A climb to the hill from the Mission Hospital (now Government Hospital for
chest diseases) will take about 40 min. The path is a pony-track. The
descent towards the Gagribal spur is gentle. En route is the tomb of Mian
Dullo who is said to have squandered away all the money which his father had
given him to trade with. He was enamoured of the charms of the Dal Lake
which he selected as his favourite haunt for the gratification of his
epicurean appetites.
The panoramic view of the valley in early April when the snow is deep on the
mountains, or after rains on a summer day from the summit of the hill is one
of the best that could ever be witnessed. The mountain ranges on the south,
west and north rise one above the other and the peaks, varying in height
from 13,000-15,500 ft., jut out like the teeth of a saw cutting through the
sky.
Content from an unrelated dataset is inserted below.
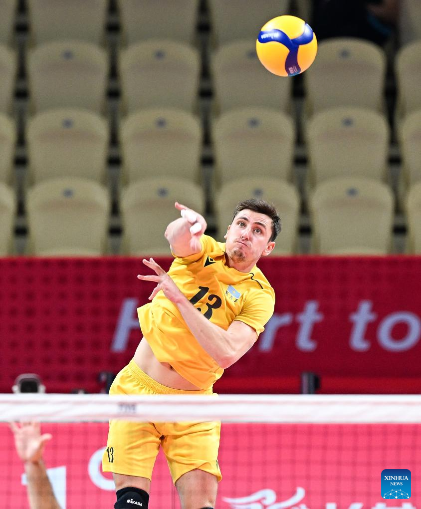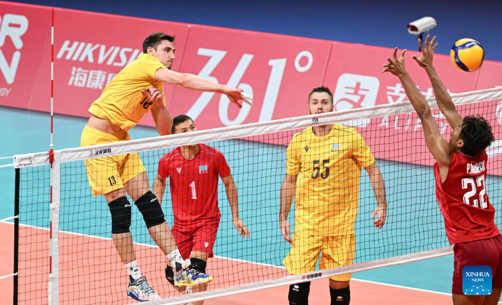 Vladislav Kunchenko (1st L) of Kazakhstan spikes the ball during the Volleyball Men's Classification 9th-10th match between Thailand and Kazakhstan at the 19th Asian Games in Shaoxing, east China's Zhejiang Province, Sept. 26, 2023. (Xinhua/Yang Guanyu)

On the south lies the Banahal Pass (9,250 ft.) the chief highway to
Jummu, and a number of other passes and depressions. The Brahma Shakri
peaks, a group of grand cones viewed even from Lahore, the Aliabad Pass
(11,44o ft.) leading to Gujrat, the Romesh Thong (Sunset) Peak, Tata Koti
(15,540 ft.) guard the Chhoti Gali Pass (14,450 ft.) the highest in the
range, come one after another. We now turn our eyes to the west where lies
the vast plateau of Tosa Maidan, the paradise of sheep, and where the eye
meets the depression of Ferozpor leading into Punch (Prunts) and Apharwat
(13,542 ft.) giving shelter to Gulmarg and affording thrilling sport for the
votaries of ski-ing in India.

Beyond the Baramula Pass, towards the north-west, the range is continued in
Kaj Nag and Khagan mountain. In between the Tragbal (9,500 ft.) and Zoji La
(10,500 ft.) appears the beautiful candy cone of Harmoukh (16,842 ft.) in
the north, while the eastern range culminating in Mahadiv (13,013 ft.) and
Western peaks completes the enchanting circle. At the foot of these
mountains lie the alluvial plateaus with rich yellow soil yielding maize and
rice where water is available. The swamps, marshes and lakes of the valleys
stretch as far as the Wular Lake in the extreme north of the valley. The
Baramula road bordered with poplars, the sinuous course of the Vetasta (Jhelum),
cutting a clean almond called Shivapor Phur, the green house-tops now
disappearing with the introduction of galvanised iron sheets for roofs, the
minarets of churches and mosques and the shining surface of the temples
present a picturesque sight.
Turning now to the Dal lake we see the Moghul gardens of Nasim, Shalamar and
Nishat densely shaded by the deep green foliage of Boin (Chinar) trees, the
floating gardens and the houses situated on the islands in the lake
encompassed by poplars, willows and quince trees. The two expanses of deep
blue water are separated by the causeway like two great eyes, each with its
pupil of an island. The eastern shore is embellished by the magnificent
Royal Palace with their crystal sheen, by newly-laid gardens and the
boulevard skirting it. A part of the palace has been converted into a hotel
with a superb view.

The Government has made the hill a resort and it is hoped that it will one
day be clothed with dense herbage and trees Providing charming bowers for
lovers. A number of paths has been marked out and platforms with suitable
seats have been made for visitors. In fact, every effort is made to attract
people to the hill.
In olden days a great festival used to be held by the Hindus on the ioth day
of the lunar fortnight of Baisak which corresponds to March. Just above the
Dal Gate they would come in doonga's to bathe. This was called Monda daham,
probably in memory of the killing of the demon Mond by the goddess Sharika.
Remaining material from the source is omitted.